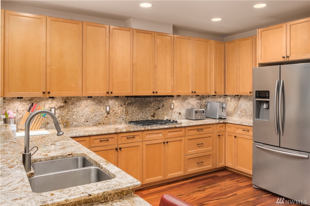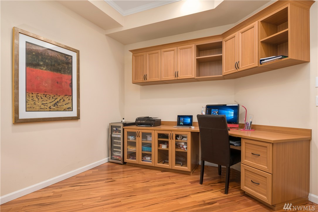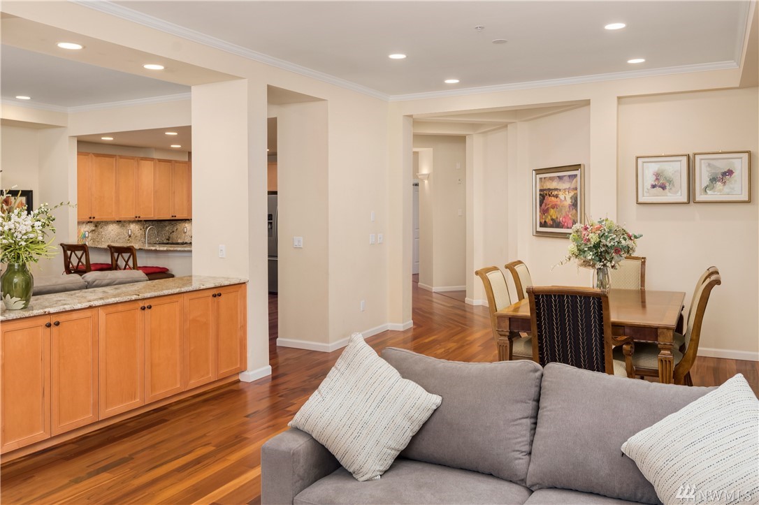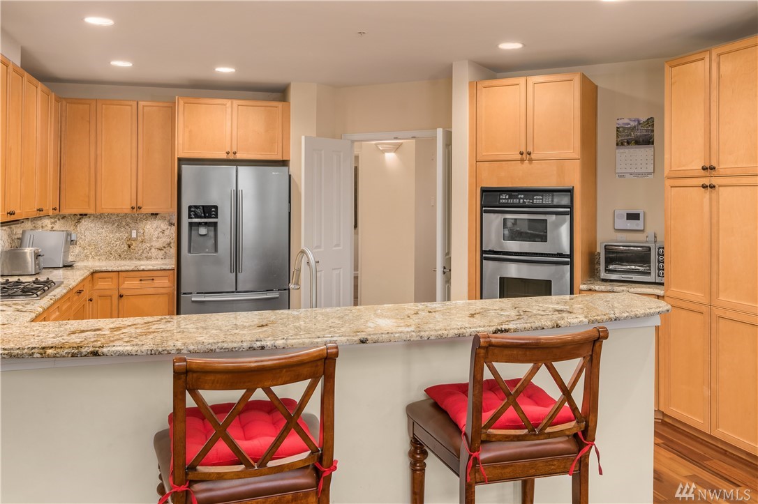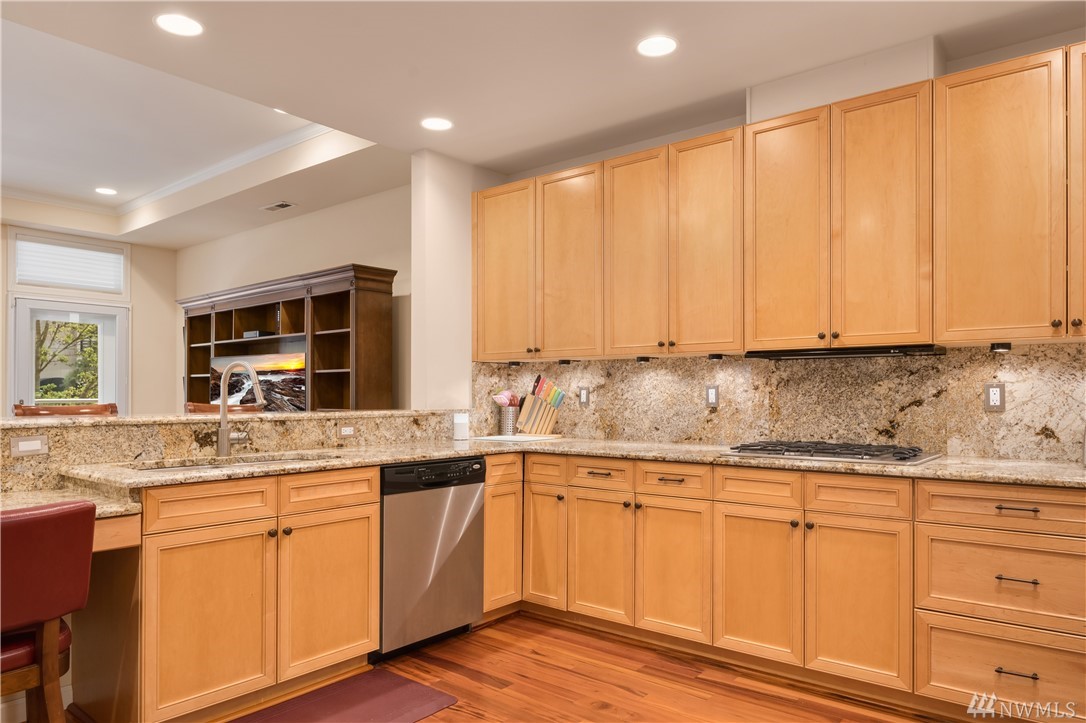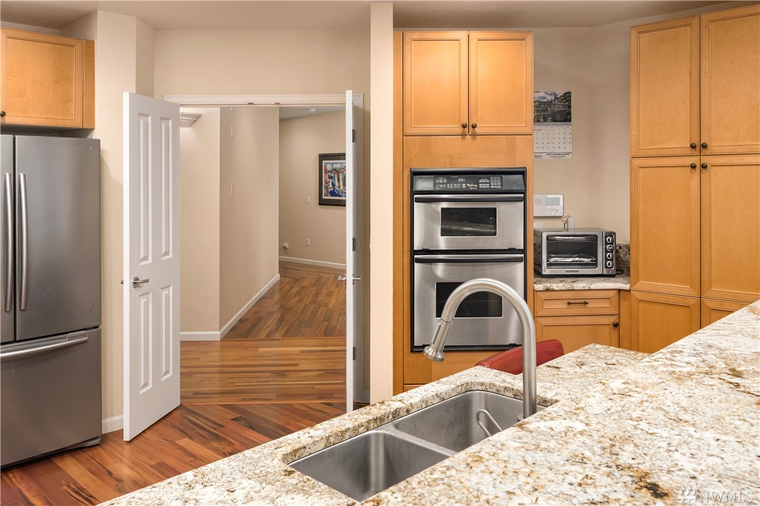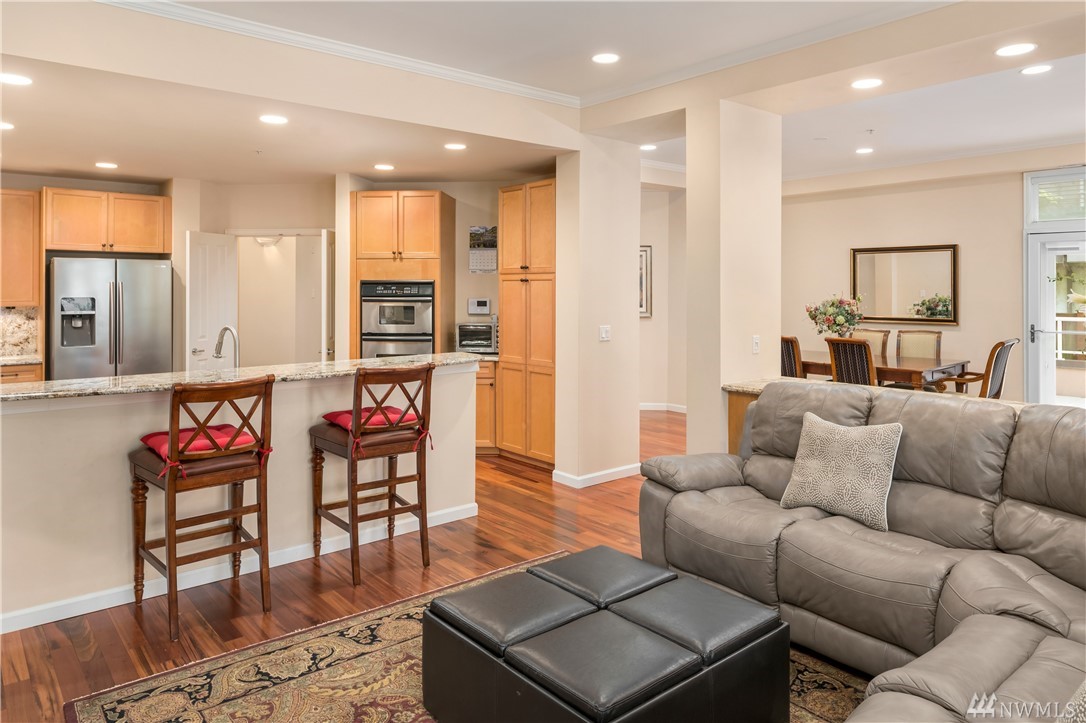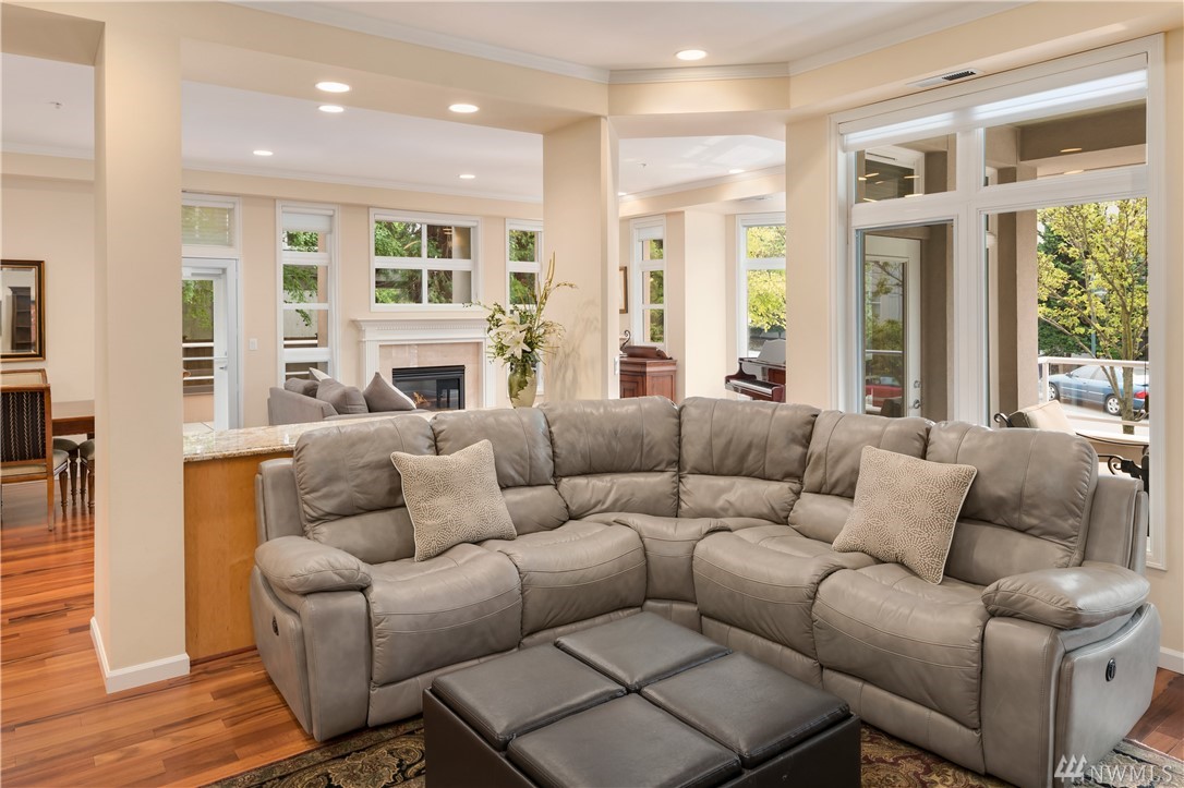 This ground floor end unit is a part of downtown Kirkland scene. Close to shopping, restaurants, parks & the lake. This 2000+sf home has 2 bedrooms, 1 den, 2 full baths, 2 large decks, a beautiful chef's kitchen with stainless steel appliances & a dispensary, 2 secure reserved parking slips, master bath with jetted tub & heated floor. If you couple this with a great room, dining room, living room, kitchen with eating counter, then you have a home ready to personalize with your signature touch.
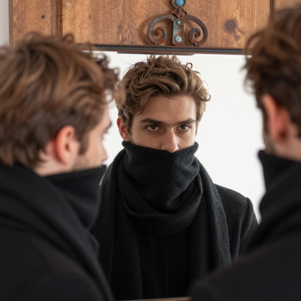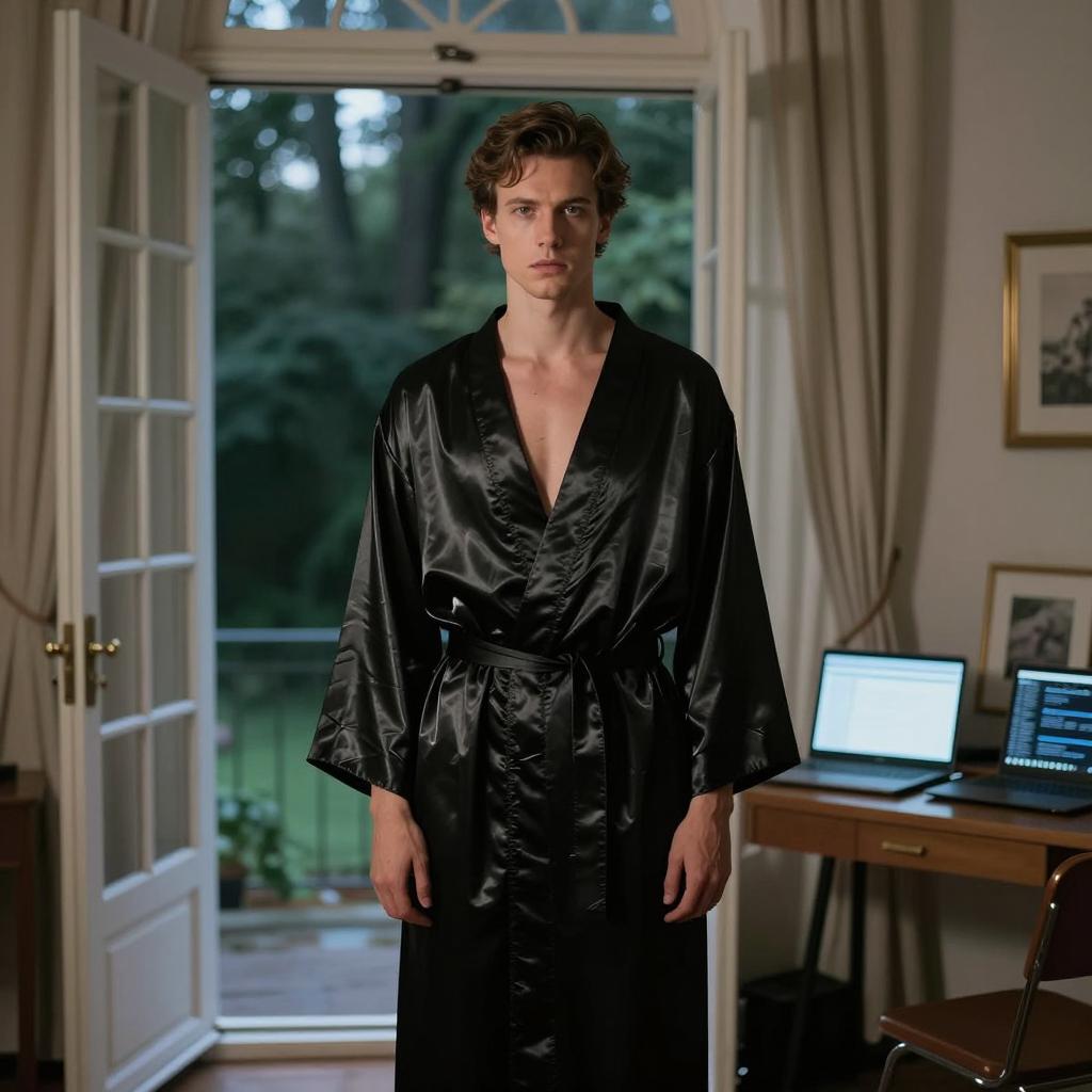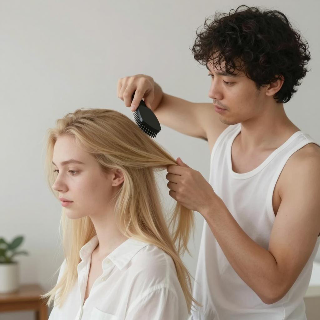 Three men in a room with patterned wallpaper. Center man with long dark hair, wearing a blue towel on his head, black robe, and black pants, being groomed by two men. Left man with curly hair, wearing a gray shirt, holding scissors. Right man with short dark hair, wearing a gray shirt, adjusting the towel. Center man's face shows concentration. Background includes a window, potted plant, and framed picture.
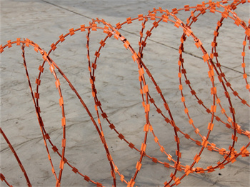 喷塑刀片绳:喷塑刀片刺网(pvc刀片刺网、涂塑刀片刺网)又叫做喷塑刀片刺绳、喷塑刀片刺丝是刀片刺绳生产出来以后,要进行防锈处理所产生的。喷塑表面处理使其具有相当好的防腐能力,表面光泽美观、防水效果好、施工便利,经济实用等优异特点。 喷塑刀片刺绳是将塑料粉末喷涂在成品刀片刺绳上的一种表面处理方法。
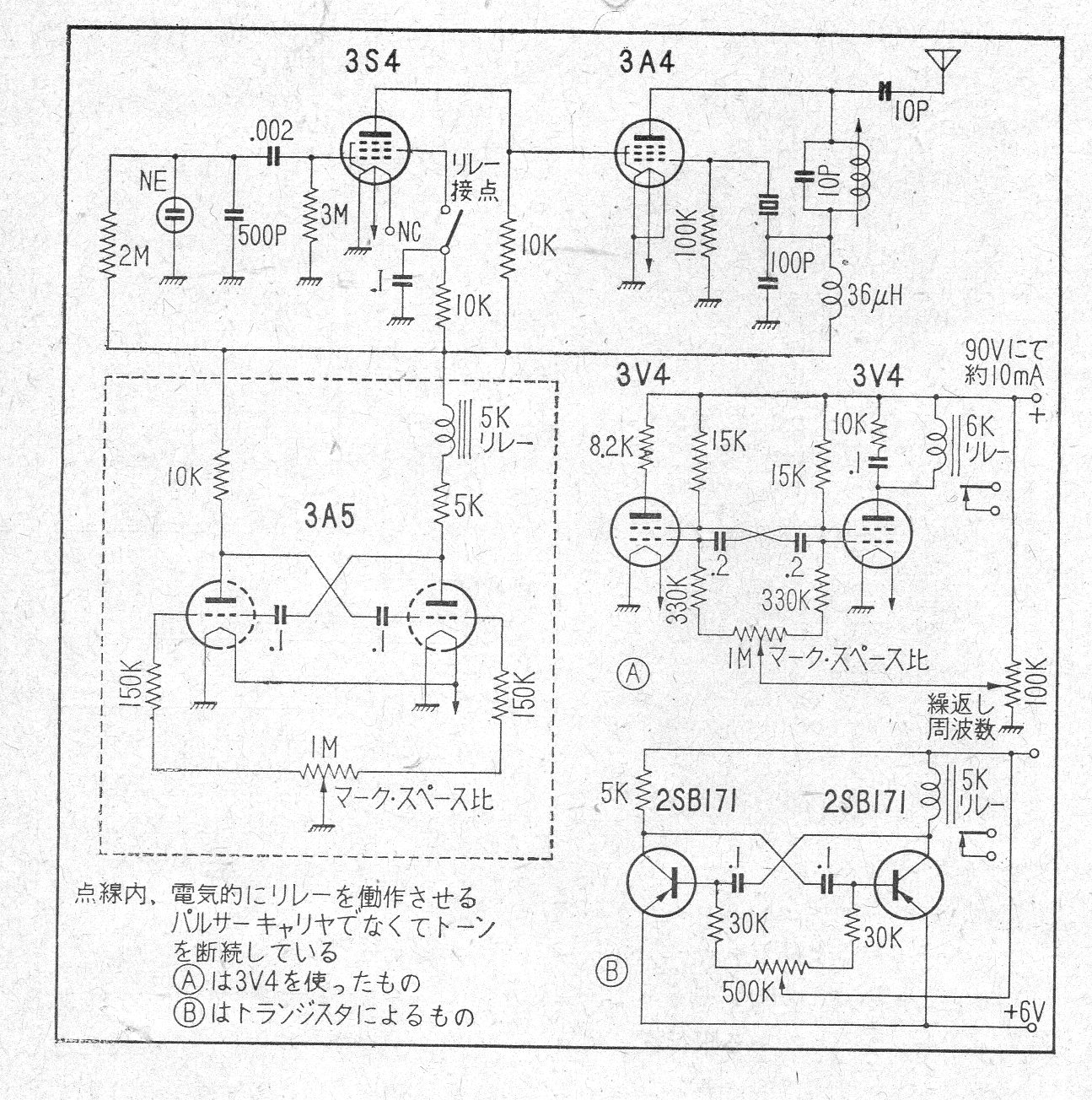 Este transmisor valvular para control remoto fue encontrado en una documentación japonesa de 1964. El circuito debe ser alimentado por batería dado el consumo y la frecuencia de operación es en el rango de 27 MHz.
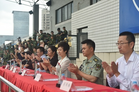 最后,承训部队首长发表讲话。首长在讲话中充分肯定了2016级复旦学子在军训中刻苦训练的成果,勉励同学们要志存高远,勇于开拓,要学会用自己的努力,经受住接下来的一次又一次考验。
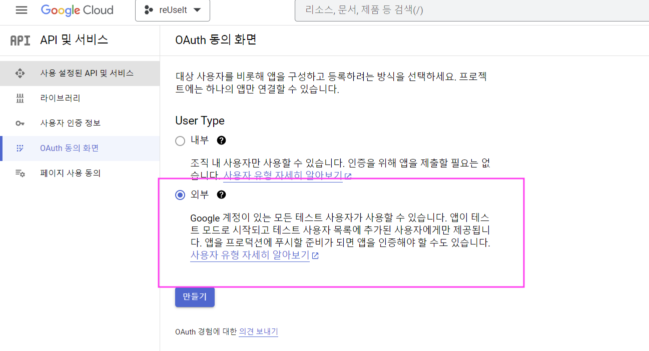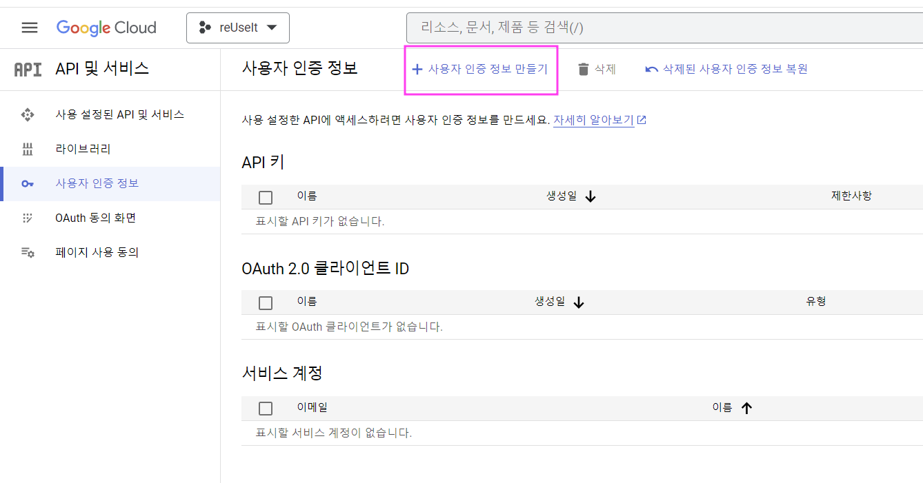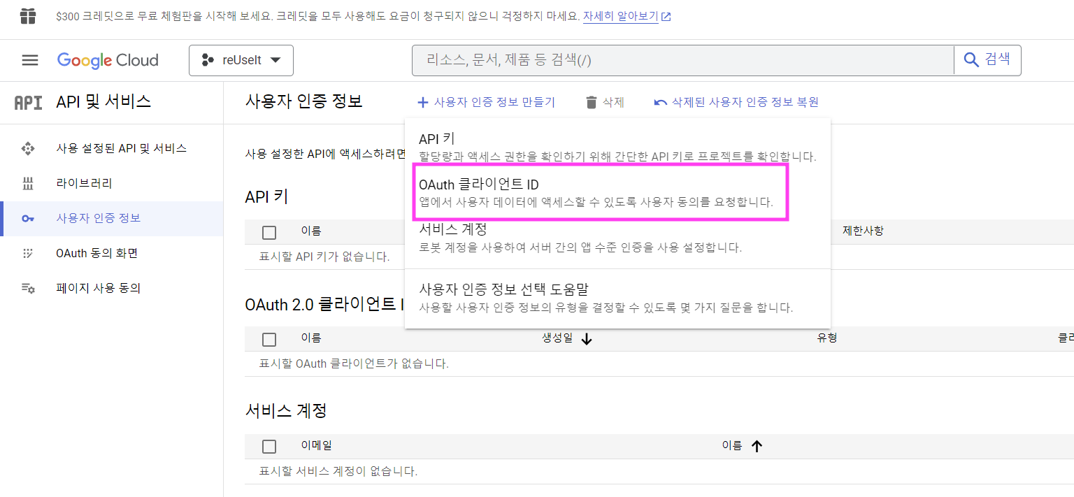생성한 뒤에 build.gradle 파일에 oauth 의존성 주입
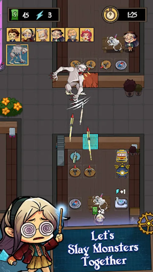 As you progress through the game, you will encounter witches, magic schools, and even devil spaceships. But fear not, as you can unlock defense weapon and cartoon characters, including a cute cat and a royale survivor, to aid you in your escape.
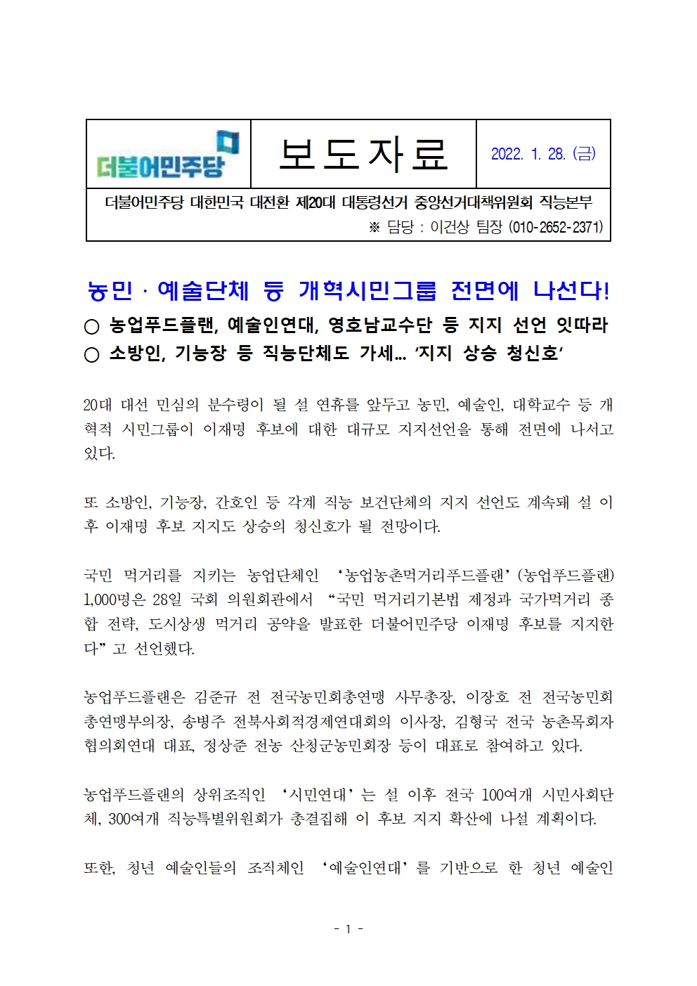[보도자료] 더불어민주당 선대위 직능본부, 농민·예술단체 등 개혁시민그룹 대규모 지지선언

—————

* [Goal of the exercise]
Copy exactly the lines from the line holding "最后,承训部队首长发表讲话。" to the final line of the listing, and leave the pictures out.

* [Result]
 最后,承训部队首长发表讲话。首长在讲话中充分肯定了2016级复旦学子在军训中刻苦训练的成果,勉励同学们要志存高远,勇于开拓,要学会用自己的努力,经受住接下来的一次又一次考验。
생성한 뒤에 build.gradle 파일에 oauth 의존성 주입
 As you progress through the game, you will encounter witches, magic schools, and even devil spaceships. But fear not, as you can unlock defense weapon and cartoon characters, including a cute cat and a royale survivor, to aid you in your escape.
[보도자료] 더불어민주당 선대위 직능본부, 농민·예술단체 등 개혁시민그룹 대규모 지지선언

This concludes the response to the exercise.